Data extract =
>>>
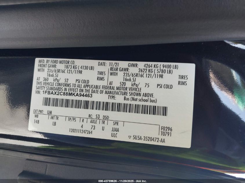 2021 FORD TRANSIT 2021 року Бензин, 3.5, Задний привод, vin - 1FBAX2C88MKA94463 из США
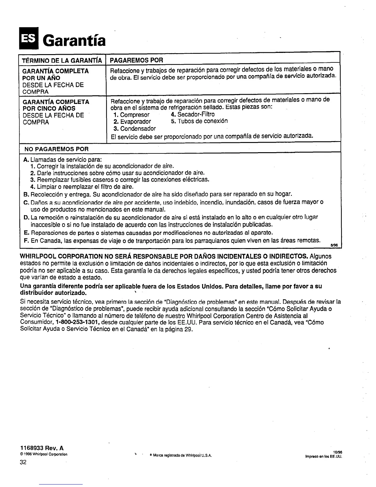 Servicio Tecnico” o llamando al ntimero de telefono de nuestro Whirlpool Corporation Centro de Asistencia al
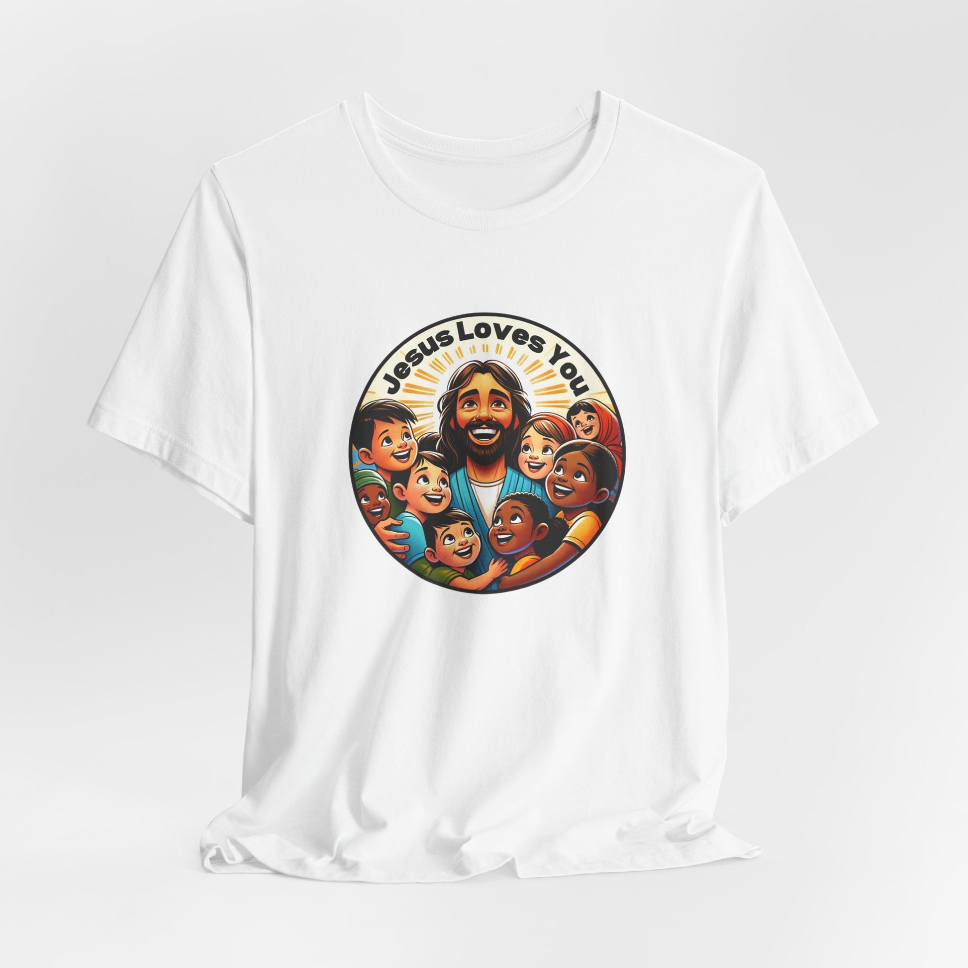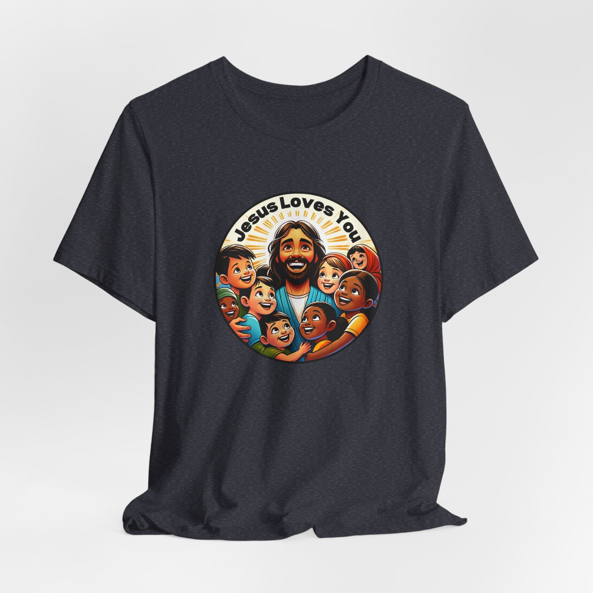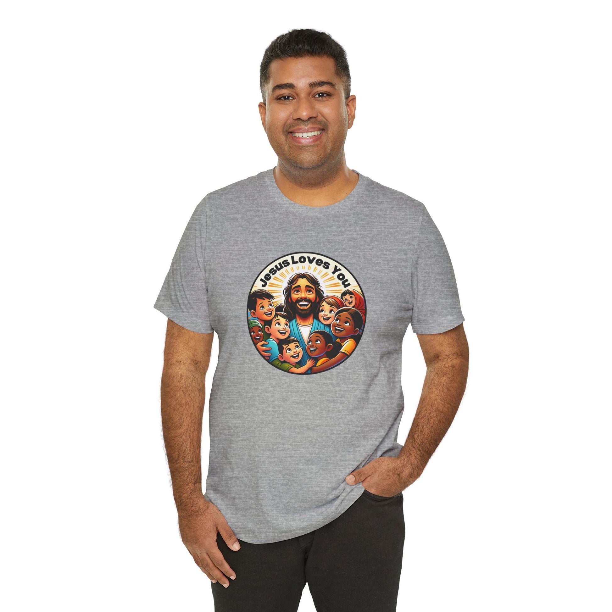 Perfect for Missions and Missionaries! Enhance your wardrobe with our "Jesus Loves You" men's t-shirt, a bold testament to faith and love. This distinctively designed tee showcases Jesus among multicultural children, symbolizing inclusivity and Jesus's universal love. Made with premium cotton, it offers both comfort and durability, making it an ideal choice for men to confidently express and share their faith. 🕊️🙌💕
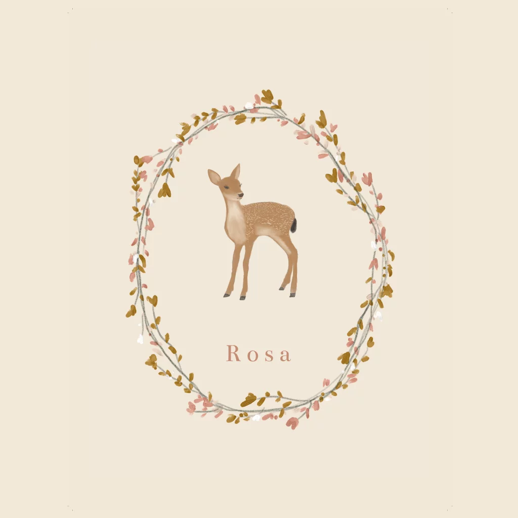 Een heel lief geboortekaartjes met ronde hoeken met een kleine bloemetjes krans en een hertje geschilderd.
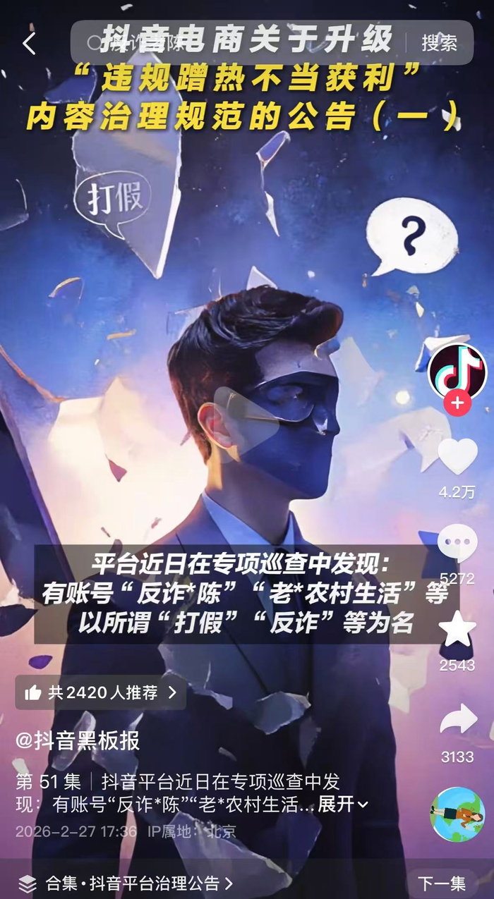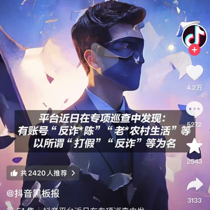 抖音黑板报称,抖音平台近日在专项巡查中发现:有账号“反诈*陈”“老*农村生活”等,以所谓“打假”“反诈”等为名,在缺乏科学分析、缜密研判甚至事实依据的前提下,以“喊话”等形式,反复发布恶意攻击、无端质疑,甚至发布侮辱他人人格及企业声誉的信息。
<<<
Your task is a word-for-word transcription of the entries, leaving out all pictures.

 2021 FORD TRANSIT 2021 року Бензин, 3.5, Задний привод, vin - 1FBAX2C88MKA94463 из США
 Servicio Tecnico” o llamando al ntimero de telefono de nuestro Whirlpool Corporation Centro de Asistencia al
 Perfect for Missions and Missionaries! Enhance your wardrobe with our "Jesus Loves You" men's t-shirt, a bold testament to faith and love. This distinctively designed tee showcases Jesus among multicultural children, symbolizing inclusivity and Jesus's universal love. Made with premium cotton, it offers both comfort and durability, making it an ideal choice for men to confidently express and share their faith. 🕊️🙌💕
 Een heel lief geboortekaartjes met ronde hoeken met een kleine bloemetjes krans en een hertje geschilderd.
 抖音黑板报称,抖音平台近日在专项巡查中发现:有账号“反诈*陈”“老*农村生活”等,以所谓“打假”“反诈”等为名,在缺乏科学分析、缜密研判甚至事实依据的前提下,以“喊话”等形式,反复发布恶意攻击、无端质疑,甚至发布侮辱他人人格及企业声誉的信息。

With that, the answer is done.